Provided data
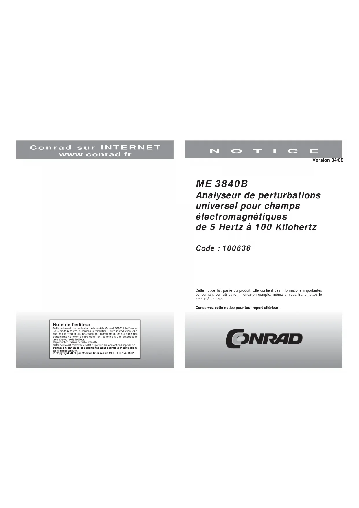 Note de l’éditeur Cette notice est une publication de la société Conrad, 59800 Lille/France.Tous droits réservés, y compris la traduction. Toute reproduction, quelque soit le type (p.ex. photocopies, microfilms ou saisie dans destraitements de texte électronique) est soumise à une autorisationpréalable écrite de l’éditeur.Reproduction, même partielle, interdite.Cette notice est conforme à l’état du produit au moment de l’impression.Données techniques et conditionnement soumis à modificationssans avis préalable.© Copyright 2001 par Conrad. Imprimé en CEE. XXX/04-08/JV ME 3840B Analyseur de perturbations universel pour champs électromagnétiques de 5 Hertz à 100 Kilohertz Code : 100636 Cette notice fait partie du produit. Elle contient des informations importantesconcernant son utilisation. Tenez-en compte, même si vous transmettez leproduit à un tiers.Conservez cette notice pour tout report ultérieur ! NOTICE Conrad sur INTERNET www.conrad.fr Version 04/08Manuel d’utilisation Il est impératif de consulter ce manuel avant la première utilisation. Il contient des remarques importantes concernant la sécurité, l’usage et l’entretien de l’appareil. Ces analyseurs d’intensité de champs électromagnétiques de la série de construction ME 3 des SOLUTIONS GIGAHERTZ imposent de nouveaux critères de grandeurs en ce qui concerne la technique de mesure de champs alternatifs de basses fréquences : Une technique de mesure professionnelle fut réalisée pour un rapport qualité-prix unique au monde. Ceci fut possible par la mise en place d’éléments de circuits pour lesquels on a déposé un brevet ainsi que par le procédé de fabrication le plus moderne. Cet appareil, dont vous avez fait l’acquisition, vous permettra d’obtenir une information qualifiée d’un indice de confiance sur l’exposition à des champs alternatifs électriques et magnétiques conformément à la procédure de mesure des directives des postes vidéo reconnues internationalement et de la biologie de construction (TCO/MPR) dans le champ de fréquences de 5 Hz à 100 KHz. Cet analyseur ME 3840B est conforme aux directives CE correspondantes : 98/336/EWG, 92/31/EWG, EN50082-1 et EN55011. Nous vous remercions de votre confiance que vous nous avez témoignée par l’achat de cet analyseur ME 3840B. Nous sommes persuadés qu’il conviendra à vos attentes et nous vous souhaitons beaucoup de plaisir dans l’utilisation de cet appareil. Consignes de sécurité Nous vous prions de lire attentivement cette notice avant la première mise en service de cet appareil. Elle vous donnera les consignes de sécurité, d’utilisation et d’entretien de cet appareil. La mise à la terre de l’appareil de mesure par le câble ci-joint, nécessaire pour la mesure du champ électrique, devrait être installée sur une conduite d’eau, de gaz ou de chauffage. S’il n’existe aucune autre possibilité de mise à la terre, l’électricien peut relier à la terre par le fil conducteur de protection de la mise à la terre. Dans ce cas, il peut y avoir un danger de chocs électriques, si la borne de terre entre en contact avec la phase conductrice. Ne mettez pas l’appareil en contact avec l’eau ou la pluie. Nettoyez l’appareil de l’extérieur avec un chiffon légèrement humide. N’utilisez pas de détergents ou sprays. Avant de procéder au nettoyage ou à l’ouverture du boîtier, il convient de débrancher l’appareil et de retirer tous ceux liés à l’appareil par le câble. Toutes pièces à l’intérieur de ce boîtier nécessitent un entretien par un spécialiste. 2 23On entend souvent parler de mesures de protections contre les sources de champs. C’est un sujet extrêmement délicat. Une protection doit absolument être installée par un professionnel expérimenté, car une mise à la terre défectueuse aura à peu près l’effet inverse : la protection servira d’antenne pour les champs de toutes les fréquences. Ne prenez en aucun cas des mesures sanitaires coûteuses et de grande ampleur ou ne planifiez pas de déménagement avant d’avoir consulté un expert qualifié en construction écobiologique. Vous trouverez des coordonnées dans le chapitre littérature ou sur notre site www.gigahertz-solutions.de. Vous y trouverez également un exposé sur les installations électriques écobiologiques utiles. Littérature Wolfgang Maes : Stress durch Strom und Strahlung, IBN Institut für Baubiologie + Okologie, Holzham 25, 83115 Neubeuern (à recommander aux non initiés grâce à beaucoup d’exemples pratiques facilement compréhensibles) Verbraucherzentrale Niedersachsen e.V : Wir reden von Elektrosmog, Hannover (actualisé tous les ans) Wohnung und Gesundheit, vierteljahrige Zeitschrifft, IBN (s.o) Elektrosmog-Report im Strahlentelex, Monatszeitschrifft, Verlag Thomas Dersee, Berlin Vous trouverez beaucoup d’autres sources dans les livres mentionnés ci dessus. Retrouvez de nombreux liens sur ce thème sur notre site www.gigahertz-solutions.de En raison de la haute résolution de cet appareil de mesure, l’électronique est sensible à la chaleur, aux secousses. C’est pourquoi il est recommandé de ne pas l’exposer au soleil ou à la chaleur, de ne pas le laisser tomber ou le manipuler à boîtier ouvert. N’utilisez cet appareil qu’à des fins prévues à cet effet et les pièces de rechange fournies et recommandées. Instruction concernant la mesure Remarque préliminaire Vous trouverez dans la brochure ci-jointe des informations de fond concernant l’impact des champs alternatifs électromagnétiques sur le corps humain, les instructions techniques et les actions correctives. Le dispositif de préparation à la mesure.
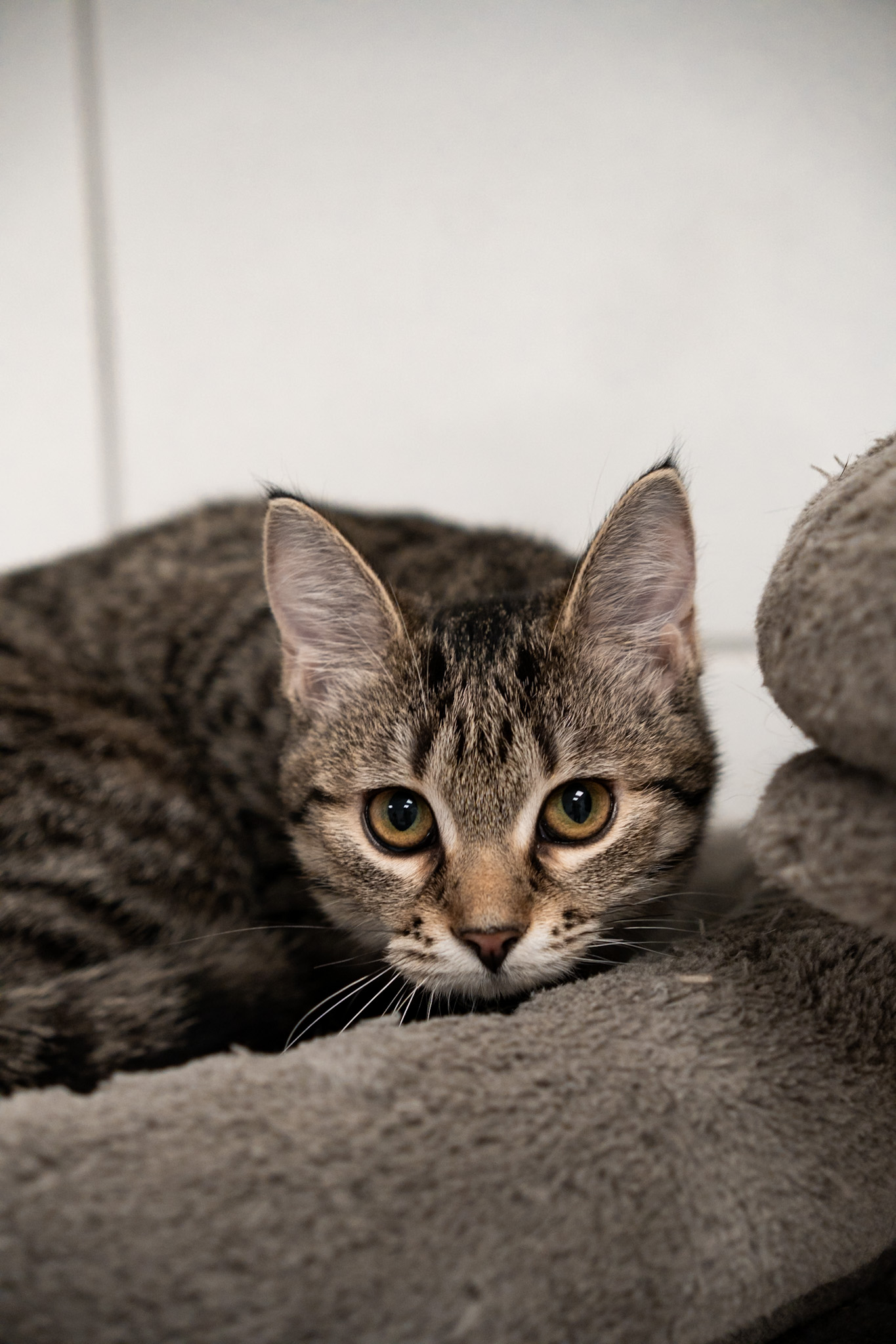 Unsere hübsche Marie, geboren im Juni 2025, kam als Fundkätzchen zu uns ins Tierheim. Anfangs ist sie noch etwas zurückhaltend und vorsichtig, doch sobald sie merkt, dass man es gut mit ihr meint, blüht sie richtig auf: neugierig, verspielt und voller Lebensfreude.
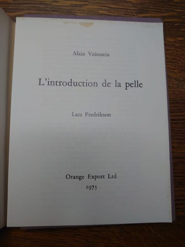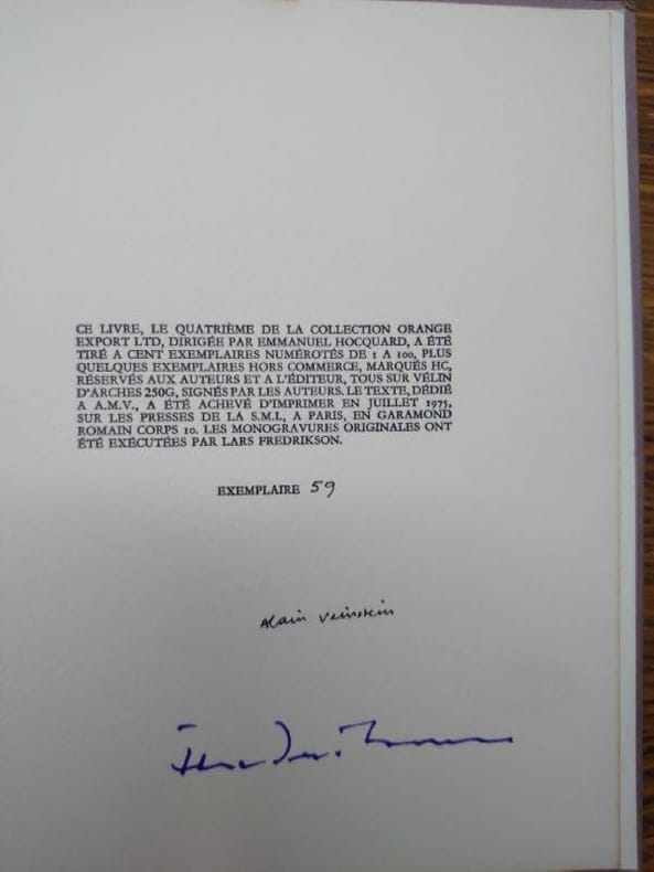 Orange Export Ltd. 1975. In-12 br. Textes d'A. Veinstein, monogravures originales exécutées par Lars Fredrikson. E.O. 1/100 exemplaires numérotés sur Arches, signés au colophon par l'auteur et l'artiste. On joint le bulletin de commande de cette plaquette, encart de 4 pages in-16, texte de Roger Laporte et liste des premières publications d'Orange Export, dirigée par Emmanuel Hocquard. Envoi autographe de Lars Fredrikson.

Your goal
Every line of the material must be returned exactly; leave the images out.

Result
 Note de l’éditeur Cette notice est une publication de la société Conrad, 59800 Lille/France.Tous droits réservés, y compris la traduction. Toute reproduction, quelque soit le type (p.ex. photocopies, microfilms ou saisie dans destraitements de texte électronique) est soumise à une autorisationpréalable écrite de l’éditeur.Reproduction, même partielle, interdite.Cette notice est conforme à l’état du produit au moment de l’impression.Données techniques et conditionnement soumis à modificationssans avis préalable.© Copyright 2001 par Conrad. Imprimé en CEE. XXX/04-08/JV ME 3840B Analyseur de perturbations universel pour champs électromagnétiques de 5 Hertz à 100 Kilohertz Code : 100636 Cette notice fait partie du produit. Elle contient des informations importantesconcernant son utilisation. Tenez-en compte, même si vous transmettez leproduit à un tiers.Conservez cette notice pour tout report ultérieur ! NOTICE Conrad sur INTERNET www.conrad.fr Version 04/08Manuel d’utilisation Il est impératif de consulter ce manuel avant la première utilisation. Il contient des remarques importantes concernant la sécurité, l’usage et l’entretien de l’appareil. Ces analyseurs d’intensité de champs électromagnétiques de la série de construction ME 3 des SOLUTIONS GIGAHERTZ imposent de nouveaux critères de grandeurs en ce qui concerne la technique de mesure de champs alternatifs de basses fréquences : Une technique de mesure professionnelle fut réalisée pour un rapport qualité-prix unique au monde. Ceci fut possible par la mise en place d’éléments de circuits pour lesquels on a déposé un brevet ainsi que par le procédé de fabrication le plus moderne. Cet appareil, dont vous avez fait l’acquisition, vous permettra d’obtenir une information qualifiée d’un indice de confiance sur l’exposition à des champs alternatifs électriques et magnétiques conformément à la procédure de mesure des directives des postes vidéo reconnues internationalement et de la biologie de construction (TCO/MPR) dans le champ de fréquences de 5 Hz à 100 KHz. Cet analyseur ME 3840B est conforme aux directives CE correspondantes : 98/336/EWG, 92/31/EWG, EN50082-1 et EN55011. Nous vous remercions de votre confiance que vous nous avez témoignée par l’achat de cet analyseur ME 3840B. Nous sommes persuadés qu’il conviendra à vos attentes et nous vous souhaitons beaucoup de plaisir dans l’utilisation de cet appareil. Consignes de sécurité Nous vous prions de lire attentivement cette notice avant la première mise en service de cet appareil. Elle vous donnera les consignes de sécurité, d’utilisation et d’entretien de cet appareil. La mise à la terre de l’appareil de mesure par le câble ci-joint, nécessaire pour la mesure du champ électrique, devrait être installée sur une conduite d’eau, de gaz ou de chauffage. S’il n’existe aucune autre possibilité de mise à la terre, l’électricien peut relier à la terre par le fil conducteur de protection de la mise à la terre. Dans ce cas, il peut y avoir un danger de chocs électriques, si la borne de terre entre en contact avec la phase conductrice. Ne mettez pas l’appareil en contact avec l’eau ou la pluie. Nettoyez l’appareil de l’extérieur avec un chiffon légèrement humide. N’utilisez pas de détergents ou sprays. Avant de procéder au nettoyage ou à l’ouverture du boîtier, il convient de débrancher l’appareil et de retirer tous ceux liés à l’appareil par le câble. Toutes pièces à l’intérieur de ce boîtier nécessitent un entretien par un spécialiste. 2 23On entend souvent parler de mesures de protections contre les sources de champs. C’est un sujet extrêmement délicat. Une protection doit absolument être installée par un professionnel expérimenté, car une mise à la terre défectueuse aura à peu près l’effet inverse : la protection servira d’antenne pour les champs de toutes les fréquences. Ne prenez en aucun cas des mesures sanitaires coûteuses et de grande ampleur ou ne planifiez pas de déménagement avant d’avoir consulté un expert qualifié en construction écobiologique. Vous trouverez des coordonnées dans le chapitre littérature ou sur notre site www.gigahertz-solutions.de. Vous y trouverez également un exposé sur les installations électriques écobiologiques utiles. Littérature Wolfgang Maes : Stress durch Strom und Strahlung, IBN Institut für Baubiologie + Okologie, Holzham 25, 83115 Neubeuern (à recommander aux non initiés grâce à beaucoup d’exemples pratiques facilement compréhensibles) Verbraucherzentrale Niedersachsen e.V : Wir reden von Elektrosmog, Hannover (actualisé tous les ans) Wohnung und Gesundheit, vierteljahrige Zeitschrifft, IBN (s.o) Elektrosmog-Report im Strahlentelex, Monatszeitschrifft, Verlag Thomas Dersee, Berlin Vous trouverez beaucoup d’autres sources dans les livres mentionnés ci dessus. Retrouvez de nombreux liens sur ce thème sur notre site www.gigahertz-solutions.de En raison de la haute résolution de cet appareil de mesure, l’électronique est sensible à la chaleur, aux secousses. C’est pourquoi il est recommandé de ne pas l’exposer au soleil ou à la chaleur, de ne pas le laisser tomber ou le manipuler à boîtier ouvert. N’utilisez cet appareil qu’à des fins prévues à cet effet et les pièces de rechange fournies et recommandées. Instruction concernant la mesure Remarque préliminaire Vous trouverez dans la brochure ci-jointe des informations de fond concernant l’impact des champs alternatifs électromagnétiques sur le corps humain, les instructions techniques et les actions correctives. Le dispositif de préparation à la mesure.
 Unsere hübsche Marie, geboren im Juni 2025, kam als Fundkätzchen zu uns ins Tierheim. Anfangs ist sie noch etwas zurückhaltend und vorsichtig, doch sobald sie merkt, dass man es gut mit ihr meint, blüht sie richtig auf: neugierig, verspielt und voller Lebensfreude.
 Orange Export Ltd. 1975. In-12 br. Textes d'A. Veinstein, monogravures originales exécutées par Lars Fredrikson. E.O. 1/100 exemplaires numérotés sur Arches, signés au colophon par l'auteur et l'artiste. On joint le bulletin de commande de cette plaquette, encart de 4 pages in-16, texte de Roger Laporte et liste des premières publications d'Orange Export, dirigée par Emmanuel Hocquard. Envoi autographe de Lars Fredrikson.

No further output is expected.